March 4, 2014, by Tom Harding
CCT Visiting Speaker Series: Dr Olga Goriunova
The Ragged Manifold of the Subject: Databaseness and the Generic in Curating YouTube.
Wednesday March 19th, 16:30, A39 Sir Clive Granger Building.
Digital cultural production oscillates between singular instances and massive scale occurrences, the individual and the collective, unique and generic, where such tensions are constitutive, as paradoxes, of modes of production and operation of subjectivity today. These tensions are exemplified in art work, and are sustained by computational machines, some of which are database management systems. Generic here relates to measurement, seriality, similarity, and relationality, where the operation of relating itself contributes to the new articulations of the singular and multiple. This talk discusses such relationality in computational cultural forms. The position of the subject that Kittler claimed to be occupied by the Turing machine, is in fact constructed in more complex ways, by computational ensembles that contribute to the maintenance of the subject, rather than replacing it completely. The subject is produced not through an exercise in writing but through the relationality of data which, in the example of an art project, such as Curating YouTube, handles singularities and establishes relations between them as a multiple or as a ragged manifold. It is somewhere in this computational maintenance of the operationalised singular and multiple and the movement between them that the new kind of subject arises. I explore the generic, a number of art projects on YouTube and curatorial tools, and NoSQL databases to arrive at an understanding of the new forms of multiplicity and relationality that cut to the core of the changing conditions of possibility of the subject.

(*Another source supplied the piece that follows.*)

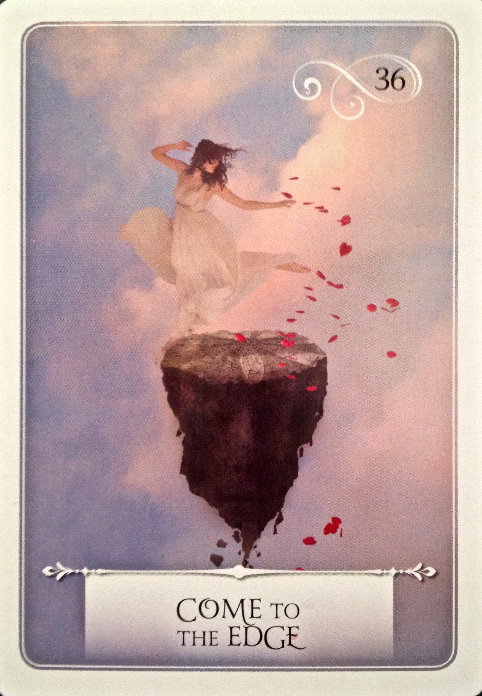 The Oracle’s Message: “Facing the unknown is the only choice you really have right now if you want to progress. It is Ok to be afraid. Now is the time to take a risk that is not calculated – to feel the exhilaration as you ready yourself for a leap of faith. Spirit is present, so let go of fear. You are called to express your true self. Listen to your heart and soul, not your head. Come to the edge and discover that you can fly. You must step into the unfamiliar so that you may find your miracles.”
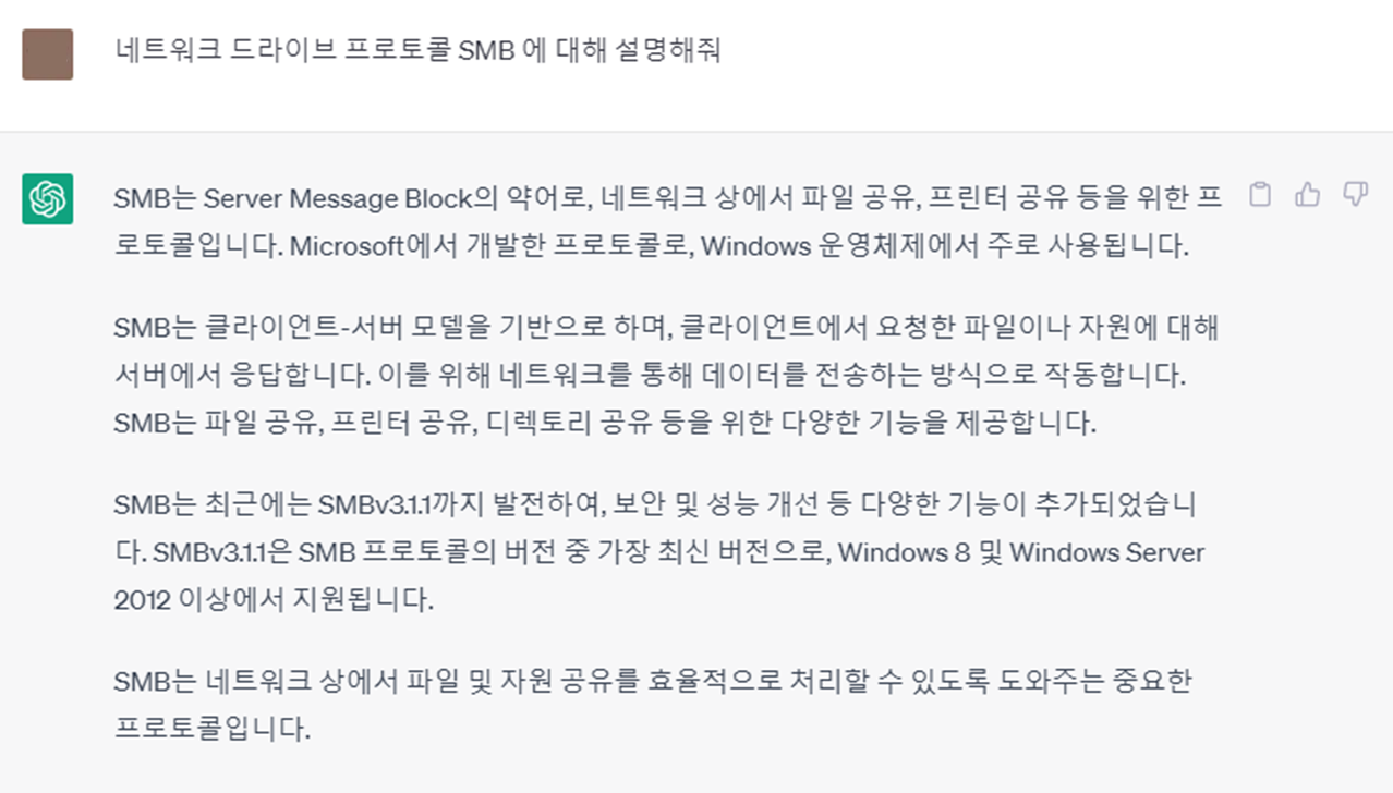 SMB가 대충 뭔지 감을 잡고, 아래와 같이 다시 ChatGPT에게 질문해봤다.

Olga Goriunova is an Assistant Professor in the Centre for Interdisciplinary Methodologies at the University of Warwick. She is the author of Art Platforms: Cultural Production on the Internet (Routledge, 2012), the editor of Fun and Software (Bloomsbury, forthcoming) and has several projects exploring different aspects of her varied research interests in critical cultural theory, digital media, software and digital art.
Please note the slightly earlier start time of this lecture. All welcome.